Plaintiff relies as to the second basis of opposition on certain early decisions of the New York Court of Appeals, the latest being Talmage v. Third Nat. Bank (91 N. Y. 531, 537). In this case the Court of Appeals, following the position taken by it in earlier decisions (Cooke v. State Nat. Bank of Boston, 52 N. Y. 96, 109, and Robinson v. National Bank of Newberne, 81 N. Y. 385, 387) held that section 5198 of the United States Bevised Statutes as amended in 1875 with respect to “ suits, actions and proceedings ” against any association under this title “was permissive, not mandatory ’ ’; also that, inasmuch as such section before the amendment dealt with the subject of usury “ there is some ground for claiming that this amendment was to be limited and confined to cases where actions were brought against National banks for penalties under the law cited.”

Both of these bases were rejected by later holdings in “ the court of last resort for the construction of Federal statutes ” to which the State courts must yield. (Van Reed v. People’s Nat. Bank, 173 N. Y. 314, 320, affd. 198 U. S. 554; Frank v. Mercantile Nat. Bank, 182 N. Y. 264, 268.)

That the requirement of the statute was mandatory, not permissive was stated in First Nat. Bank of Charlotte v. Morgan (supra, p. 145). In this ease a national bank located in one County of North Carolina had permitted itself to be sued in another county of that State, raising the question of its immunity from suit other than at the situs of its location for the first time on the appeal. Being a matter of venue, the Supreme Court ruled that the protection given by the statute could be, and had been, waived. Had the bank chosen, however, to invoke it when originally sued, its claim in this respect, the court indicated, would have had to have been recognized. (Even if the opinion here be dictum it is judicial dictum as distinguished from obiter dictum in that it is laid down as an authoritative “ guide for future conduct ” — see Chance v. Guaranty Trust Co., 164 Misc. *315346, 350, affd. 251 App. Div. 855.) Commenting on the statute, generally, the court said (132 U. S. 145): “ This exemption of national banking associations from suits in state courts, established elsewhere than in the county or city in which such associations were located, was, we do not doubt, prescribed for the convenience of those institutions, and to prevent interruption in their business that might result from their books being sent to distant counties in obedience to process from state courts. * * 41 But, without indulging in conjecture as to the object of the exemption in question, it is sufficient that it was granted by Congress, and, if it had been claimed by the defendant when appearing in the Superior Court of Cleveland County, must have been recognized.”
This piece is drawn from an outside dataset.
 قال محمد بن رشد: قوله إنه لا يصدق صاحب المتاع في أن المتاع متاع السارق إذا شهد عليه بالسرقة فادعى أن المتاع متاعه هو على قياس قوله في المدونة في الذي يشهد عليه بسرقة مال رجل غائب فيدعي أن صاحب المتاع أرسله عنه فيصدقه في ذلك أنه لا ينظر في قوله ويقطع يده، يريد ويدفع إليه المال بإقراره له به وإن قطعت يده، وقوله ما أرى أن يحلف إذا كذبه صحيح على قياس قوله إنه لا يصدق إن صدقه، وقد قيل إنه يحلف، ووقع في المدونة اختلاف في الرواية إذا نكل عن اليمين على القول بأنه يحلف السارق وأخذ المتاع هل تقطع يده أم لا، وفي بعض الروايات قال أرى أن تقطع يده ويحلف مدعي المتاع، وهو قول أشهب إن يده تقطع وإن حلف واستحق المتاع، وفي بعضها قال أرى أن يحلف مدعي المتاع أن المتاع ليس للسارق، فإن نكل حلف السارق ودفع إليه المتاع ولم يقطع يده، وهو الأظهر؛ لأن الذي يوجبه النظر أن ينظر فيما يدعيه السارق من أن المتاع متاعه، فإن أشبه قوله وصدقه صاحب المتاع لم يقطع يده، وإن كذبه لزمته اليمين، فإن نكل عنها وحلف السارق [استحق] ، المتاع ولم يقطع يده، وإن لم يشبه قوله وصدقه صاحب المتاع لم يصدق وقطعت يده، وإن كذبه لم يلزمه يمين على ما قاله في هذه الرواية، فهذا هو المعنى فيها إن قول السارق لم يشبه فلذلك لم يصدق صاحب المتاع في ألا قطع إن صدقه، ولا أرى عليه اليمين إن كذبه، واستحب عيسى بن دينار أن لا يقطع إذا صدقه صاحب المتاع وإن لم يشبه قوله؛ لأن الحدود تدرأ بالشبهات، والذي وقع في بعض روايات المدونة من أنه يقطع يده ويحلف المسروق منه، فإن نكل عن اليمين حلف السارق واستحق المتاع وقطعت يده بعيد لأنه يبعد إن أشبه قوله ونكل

That the section applied only to usury prosecutions was negatived by applications given it in later cases such as Casey v. Adams (102 U. S. 66, 67). (See in this respect study and comment in Leonardi v. Chase Nat. Bank of City of N. Y., supra, p. 21. Plaintiff concedes this — brief, p. 5.)

Plaintiff argues, finally, that as a result of the 1948 general revision of the United States Judicial Code, more particularly subdivision (c) of section 1391 of the new title 28 of United States Code entitled Venue G-enerally ” it is entitled to sue the defendant bank here. But such revision does not expressly repeal and has left unaffected the specific provisions of section 94 of the banking title, which is controlling, for the reasons stated.

Therefore, the motion to vacate the summons and dismiss the complaint is granted. Settle order on notice.